What is Google Gemma 4 and when was it released?

Google Gemma 4 is Google DeepMind's open-weight model family released on April 2, 2026. It includes 4 sizes — E2B (2.3B effective), E4B (4.5B effective), 26B MoE (3.8B active / 26B total), and 31B Dense. All models are released under Apache 2.0, the most permissive license ever used for a Gemma release.

Is Gemma 4 truly open source?

Yes. Gemma 4 is the first Gemma generation released under the Apache 2.0 license, which allows unrestricted commercial use, modification, and redistribution without requiring permission from Google. Previous Gemma models used Google's custom Gemma license which imposed usage restrictions.
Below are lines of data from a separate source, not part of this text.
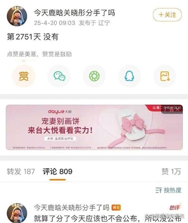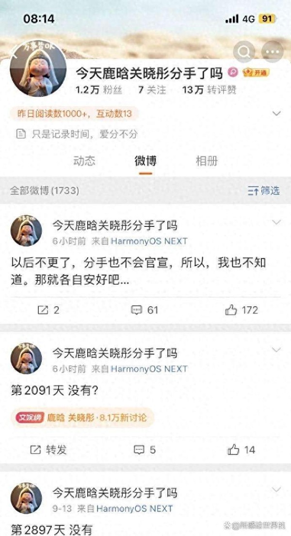 说起来,这博主也真是个奇人。也不知道从什么时候开始,每天坚持打卡,就问一句:“今天鹿晗关晓彤分手了吗?” 这一问就是好几年,风雨无阻,简直比闹钟还准时。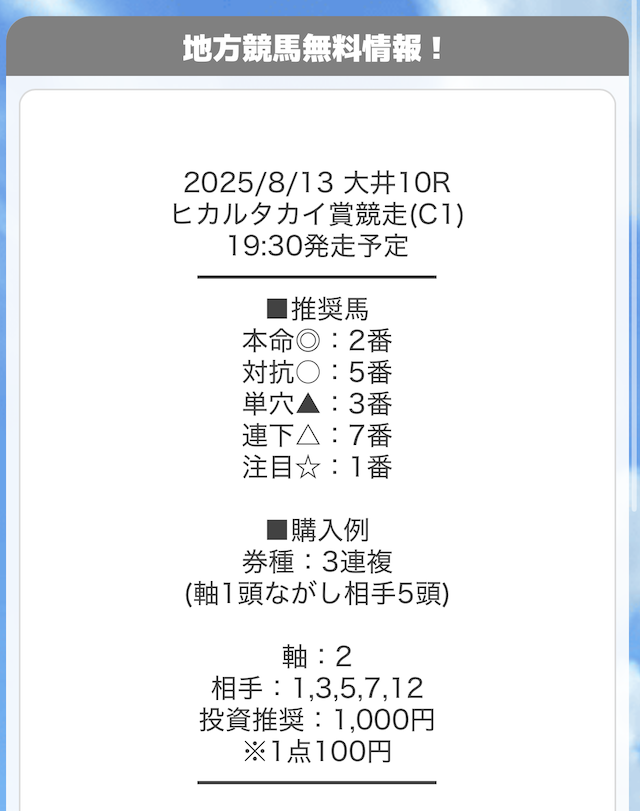 - 2025.08.16無料予想で5連敗した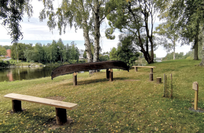 ympärille tarvittavat kuviot. Puistoalueella on veneen lisäksi kaksi haapapuusta valmistettua penkkiä. Infotaulun rosterikehikko on myös valmiina odottamassa pystytystä. Arto Suutarin valmistaman infotaulukehikon korkeus jalkoineen on 180 cm ja leveys 90 cm. Varsinainen infotila on 90x60 cm. Taulun suojaksi asennetaan pölykarbonaattilevy, joka estää varsinaisen infotaulun likaantumisen. -Tarkoitus on saada nämä asiat kuntoon vielä syksyn aikana, jolloin pidetään ”tervajaiset” ja suojataan vene ja penkit vanhan tavan mukaisesti, vakuuttavat Tuomaalan talkoomiehet. |

What context window does Gemma 4 support?

The smaller models (E2B and E4B) support 128K token context windows. The larger models (26B MoE and 31B Dense) support 256K token context windows. This is a major improvement over Gemma 3's context limits and enables processing of entire codebases or long documents in a single prompt.
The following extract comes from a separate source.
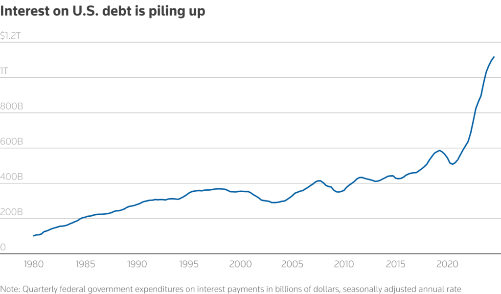 The world’s largest economy has not escaped the attention of the markets. Its nominal debt is nearly $37 trillion.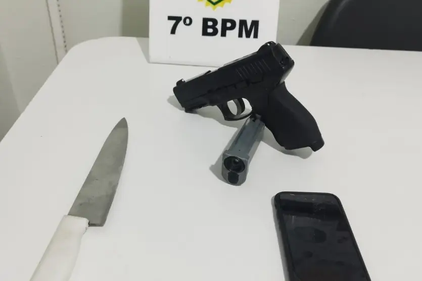 O suspeito conduzia um VW Gol prata quando foi abordado por uma equipe da Rádio Patrulha Auto (RPA) da Polícia Militar. Segundo o relato policial, durante a abordagem pessoal não foram encontrados itens ilícitos. No entanto, ao revistar o interior do veículo, os agentes localizaram um simulacro de pistola, uma faca e um telefone celular.

Can Gemma 4 process images, video, and audio?

Yes. All four Gemma 4 models are natively multimodal and support text and image inputs. The E2B and E4B models go further with native video and audio processing capabilities. This makes Gemma 4 the first open-weight model family where the smallest models have the broadest modality support.

How does Gemma 4's thinking mode work?

Gemma 4 includes a configurable thinking mode that generates 4,000+ tokens of internal reasoning before producing a response. This chain-of-thought reasoning can be turned on or off per request, letting developers choose between faster responses for simple tasks and deeper reasoning for complex problems like math, logic, and coding.

What hardware do I need to run Gemma 4 locally?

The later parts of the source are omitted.